Monday night, Carole King and James Taylor proved that they've retained their musical charisma! We were treated to bluesy, soulful, playful, heartfelt musical energy! A once in a lifetime experience, seeing these two legendary singer/songwriters live! Their deep friendship was evident, and I really enjoyed the anecdotal banter about how or why a particular song was written, or how, while playing at the Los Angeles Troubadour Club 40 years ago, Taylor suggested that King write her own lyrics and record her own songs. Many times, as an introduction to the next piece, Taylor payed tribute to King's songwriting talent by stating, "Another one of hers". Here is a beautiful example of friendship that inspired one woman and one man to be their heartfelt, personal best - and changed the course of their professional lives and personal success.
The artists explained that they wanted to make the setting appear as like the Troubador Club, so they designed the closest seats as nightclub tables. Those premium seats raised $1.1 million dollars, split among their publicized charity, as well as Bay Area charities! There was a video screen way above the players, a sort of giant, circular lampshade shape that projected colorful graphics or videos from the past, in keeping with the theme of the songs. Occasionally, vintage photos of all the artists on stage appeared as well. That was a wonderful addition to the live experience!
Both artists poked fun at the fact it’s been a long time since their early success, stating they met back in 1903! They had several of their original studio recording group all playing together on this tour, and appreciated the fact they were together again. They opened with "Something in the Way She Moves", followed by "You're So Far Away", and the haunting narrative "Machine Gun". Old favorites like "Shower the People" and "Mexico" followed soon after. I loved Taylor's characterization of a few of their songs as "agnostic spirituals" (such as King's "Beautiful" and “Way Over Yonder”, and Taylor's "Country Road")! Taylor explained that “Sweet Baby James” was written from Boston to Carolina as he drove to meet his newborn nephew, James. He rendered "Steamroller" with comical physicality, in a light-hearted and fun manner - recreating his youthful attempts to project Muddy Waters and other blues artists' style. Of course, they played mainly from “Tapestry” and Taylor’s “Greatest Hits”, but their other selections were fantastic! For example, King did a wonderful rendition of her ‘70’s hit “Jasmine”.

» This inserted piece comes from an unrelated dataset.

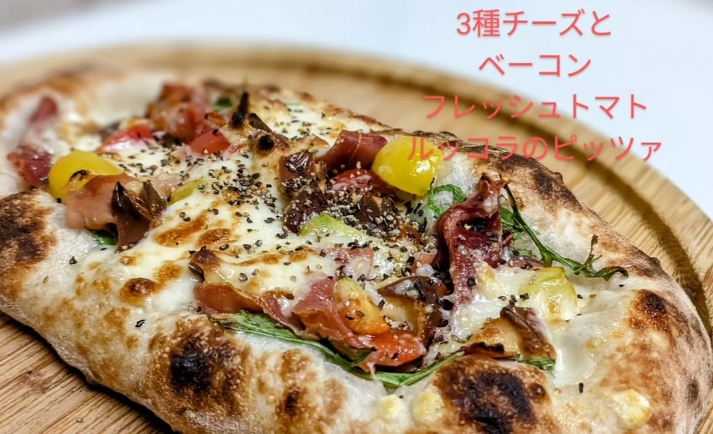 3種のチーズとベーコンフレッシュトマトルッコラのピッツァ 1300円

Overwhelming audience enthusiasm to King's "You Make Me Feel (Like a Natural Woman)" and "It's Too Late" showed just how deeply these songs reflect the tapestry of the human experience. King briefly told of her youthful marriage to Goffen and their early songwriting success together. Then she began speaking of 1970, when she recorded “Tapestry”, allowing the audience to feel that nothing in the middle years compared to the experience of making her own, first album.

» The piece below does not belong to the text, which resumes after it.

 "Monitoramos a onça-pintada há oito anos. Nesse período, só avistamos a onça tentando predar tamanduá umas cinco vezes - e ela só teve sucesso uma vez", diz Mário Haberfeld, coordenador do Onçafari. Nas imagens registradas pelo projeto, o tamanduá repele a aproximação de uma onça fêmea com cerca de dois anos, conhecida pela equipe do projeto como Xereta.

King and Taylor sang several moving duets, including King’s songs “Up on a Roof” and “Crying in the Rain” (a hit by the Everly Brothers). They were especially tender with their (slower tempo) rendition of "Will You Still Love Me Tomorrow". The audience didn't want them to leave at the end of the show, and brought them back for two more songs. Applause continued, and Taylor hailed one more tune together, a sweet, friendship song, about remembering our time together, singing the song once we've left, and "staying as long as you like". At the close, the end of their tour, there were tears in King's eyes as she hugged Taylor. It was an unforgettable evening of music from two very memorable artists.